(Collected data entries)
= = =

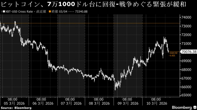 (ブルームバーグ):10日の暗号資産(仮想通貨)ビットコインは一時7万1000ドル台に回復した。イランでの戦争をめぐる懸念が和らぎ、リスク資産が持ち直すとともに原油価格が下落したことに反応した。
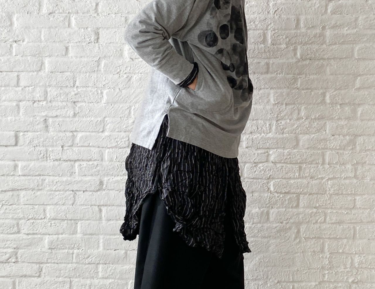 col. 90 クロ・36size(着用)/ 50 グレー/size展開・34 ¥26,400
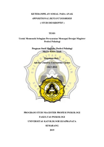 Tjokro, Adeska Chandra Constantina (2019) KETERAMPILAN SOSIAL PADA ANAK OPPOSITIONAL DEFIANT DISORDER ( STUDI DESKRIPTIF ). Other thesis, UNIKA SOEGIJAPRANATA SEMARANG.
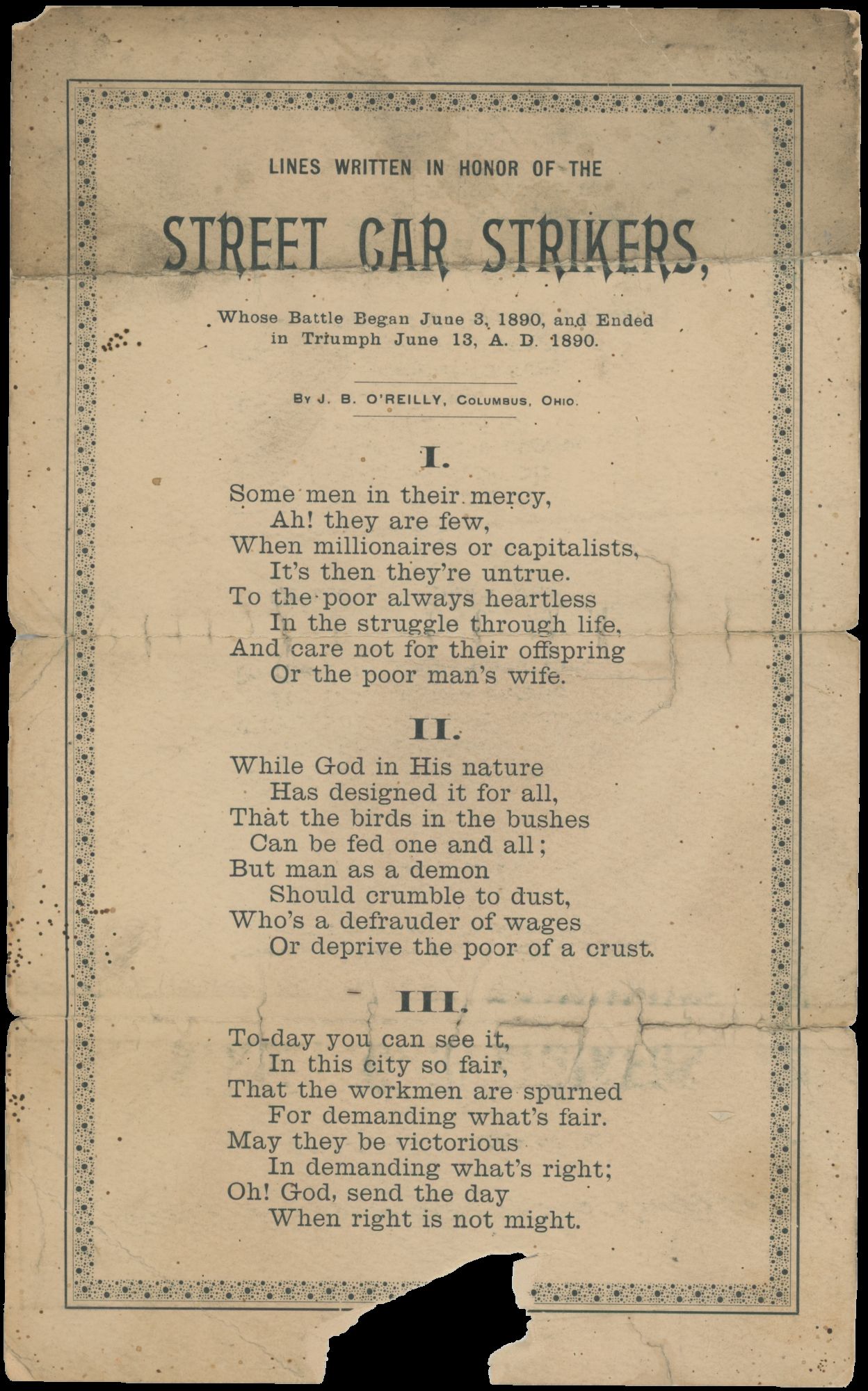 Columbus, Ohio, 1890. 7 x 11 inches. Folded with tears at folds, piece missing from center bottom, not intersecting with text. Overall good.. A handbill with a poem written by J.B. O’Reilly celebrating the victory of striking streetcar workers in Columbus, Ohio in 1890. On June 3, workers formed a union and commenced a strike, demanding shorter hours and higher wages. They successfully negotiated for both of these demands, bringing their workdays down from sixteen hours to a mere twelve.[1] O’Reilly writes:
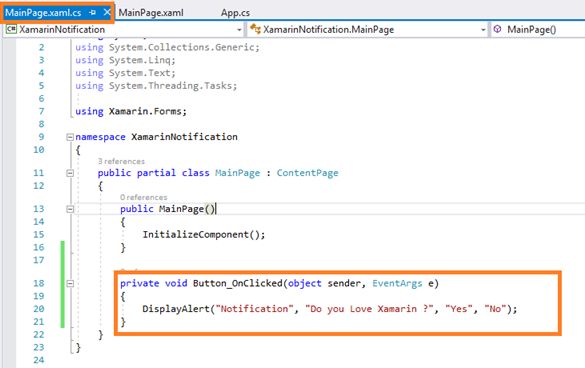 In this step, go to the MainPage.xaml.cs page. Create Button_OnClicked method and write the code given below.

= = =

Give again, word for word, the line containing "Tjokro, Adeska Chandra" and every line after it to the end of the records; leave out the pictures.

Solution for this problem ->
 Tjokro, Adeska Chandra Constantina (2019) KETERAMPILAN SOSIAL PADA ANAK OPPOSITIONAL DEFIANT DISORDER ( STUDI DESKRIPTIF ). Other thesis, UNIKA SOEGIJAPRANATA SEMARANG.
 Columbus, Ohio, 1890. 7 x 11 inches. Folded with tears at folds, piece missing from center bottom, not intersecting with text. Overall good.. A handbill with a poem written by J.B. O’Reilly celebrating the victory of striking streetcar workers in Columbus, Ohio in 1890. On June 3, workers formed a union and commenced a strike, demanding shorter hours and higher wages. They successfully negotiated for both of these demands, bringing their workdays down from sixteen hours to a mere twelve.[1] O’Reilly writes:
 In this step, go to the MainPage.xaml.cs page. Create Button_OnClicked method and write the code given below.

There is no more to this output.